Bagaimanapun susunannya, apakah kalian duduk bersanding di depan petugas KUA atau si wanita menanti di ruangan terpisah, jangan lupa memberitahukan bapak si gadis. Sebab, bapak si wanita lah yang akan menikahkan kalian berdua di depan petugas KUA juga semua hadirin. Kemudian panjatan doa ayah dan ibu teruntuk kalian berdua.

Pada Hari Acara Pernikahan

Kamu boleh jadi sangat gugup mempersiapkan diri dalam menempuh akad perkawinan sehingga tidak peduli lagi dengan segala persiapan resepsi. Pada saat itu, ayah dan bunda lah yang membatasi kendali sebab bagi mereka, mereka lah yang punya acara.

Orang tua kalian hendak menyandingkan kalian di pelaminan. Biasanya ayah kalian akan menyampaikan kata sambutan. Sedangkan ibu hendak meyakinkan tamu undangan dijamu dengan sebaik mungkin.

Disaat kamu duduk menjumpai dengan banyak tamu undangan, orang tuamu memastikan apabila catering yang kamu pilih dapat memenuhi seluruh keperluan, fotografer yang kamu order telah mengabadikan keseluruhan momen pernikahan, tidak lupa souvenir telah siap pada tempat penyambutan tamu.
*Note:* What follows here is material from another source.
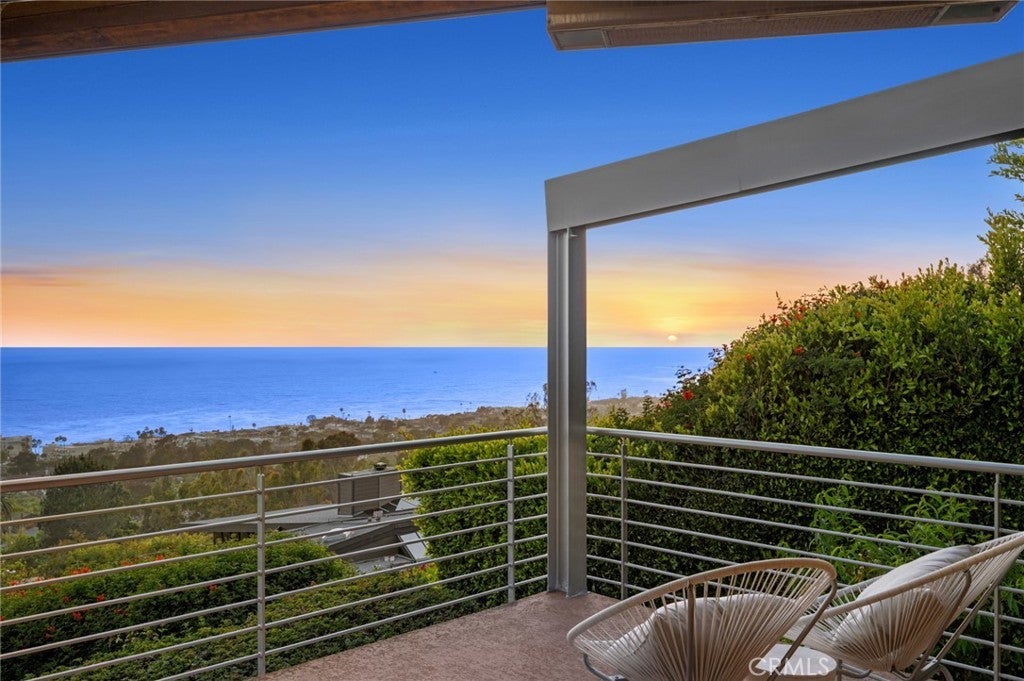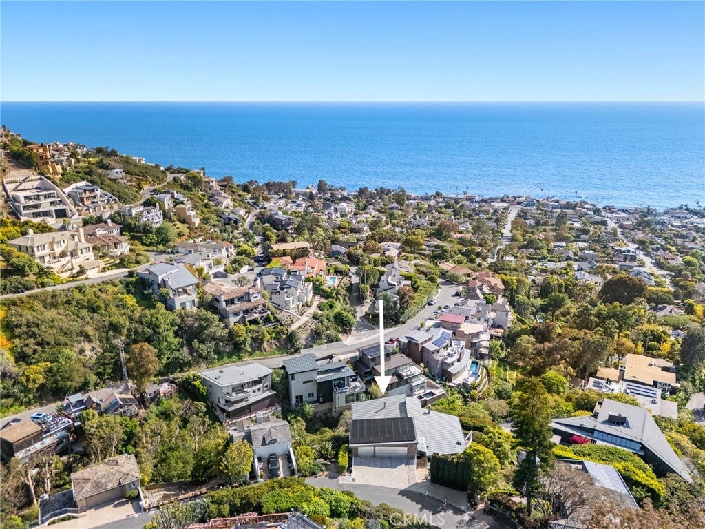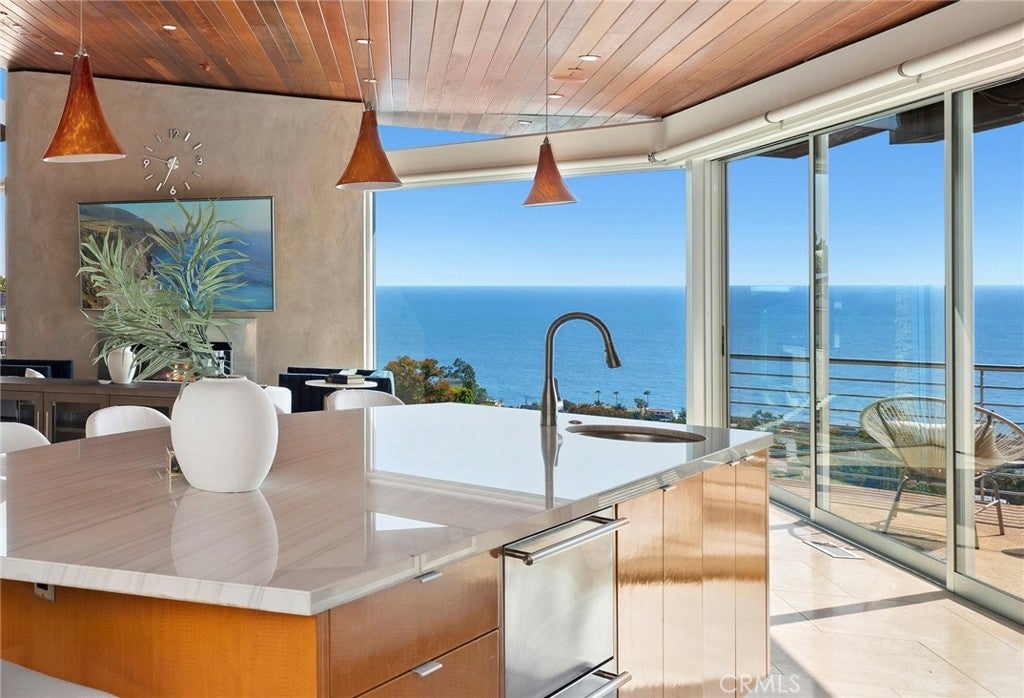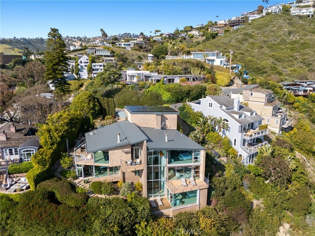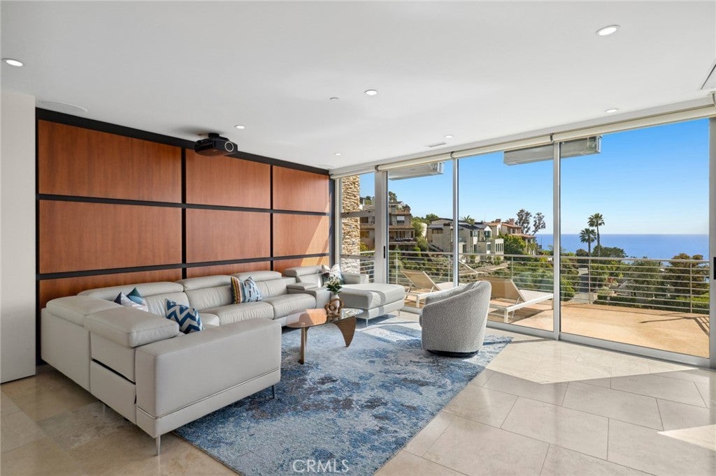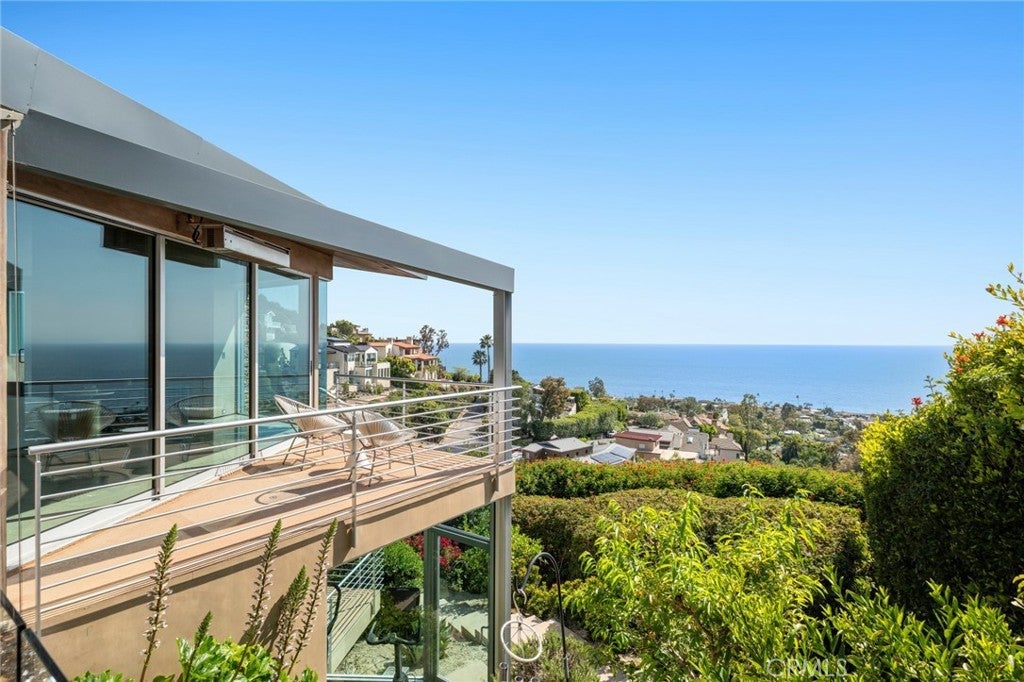 Welcome to a Mark Singer-designed sanctuary where modern sophistication meets coastal serenity. Perched in the highly sought-after enclave of Woods Cove, this one-of-a-kind 4-bedroom, 4,400 SF architectural marvel offers sweeping, unobstructed views of the Pacific Ocean, Catalina Island, and the pristine coastline of Laguna Beach. From the moment you step through the front door, you're enveloped in floor-to-ceiling ocean vistas, soft coastal breezes, and refined finishes that evoke the indulgence of a five-star resort. Thoughtfully upgraded with newly installed and fully owned Tesla solar panels, the home offers cutting-edge energy efficiency without compromising luxury. The main level hosts a breathtaking primary suite with expansive walls of glass framing the endless seascape and twinkling city lights. The spa-inspired ensuite bath features heated floors, vaulted ceilings, and timeless elegance. A true chef’s kitchen awaits with quartzite countertops and backsplash, a large central island, and top-tier appliances including a Hestan range, Liebherr refrigerator, Cove dishwasher, and built-in two-drawer refrigerator. A spacious walk-in pantry adds convenience and style. Seamless indoor-outdoor living is at the heart of this home, with a tranquil water feature leading to a large entertaining deck—ideal for sunset dinners or lively gatherings under the stars. The mid-level offers a second living area for entertaining, complete with a built-in projector, expansive ocean-facing deck, and a climate-controlled 800-bottle wine cellar—perfect for movie nights or intimate tastings. Each secondary bedroom suite is a private retreat, featuring its own terrace, entrance, and coastal views. One room also doubles as a creative studio or home office. A distinctive staircase adds architectural flair, capturing sunlight and ocean sparkle by day and golden sunsets by night. Practical luxury continues with a generous three-car garage and a full driveway, ideal for guests and car collectors. And with fully owned Tesla solar, you’ll enjoy sustainable living with reduced energy costs—without sacrificing comfort. This is more than a home; it's a lifestyle—a rare opportunity to live above the waves in timeless style, just moments from world-class beaches, restaurants, boutique shopping, and the vibrant Laguna Beach art scene.

Mereka juga yang memantau jalannya acara pesta pernikahan sesuai dengan agenda yang sudah direncanakan.

Setelah Hari Upacara Pernikahan

Kalian berdua sekarang sudah sah menjadi sepasang suami istri. Tamu undangan juga telah meninggalkan pesta. Fotografer pun sudah siap untuk mencetak hasil jepretannya. Catering akan segera dibereskan. Dekorasi akan segera dibongkar. Alunan lagu pesta sudah dihentikan. Kini tinggal keluarga yang tetap bersama kalian.

Saat-saat acara pernikahan telah berakhir, mereka pun tetap saja sempat merencanakan uang untuk kalian yang hendak bulan madu. Malahan tahun-tahun berikutnya, mereka masih terus menyokong kehidupan pernikahan kalian baik dengan moril ataupun finansial.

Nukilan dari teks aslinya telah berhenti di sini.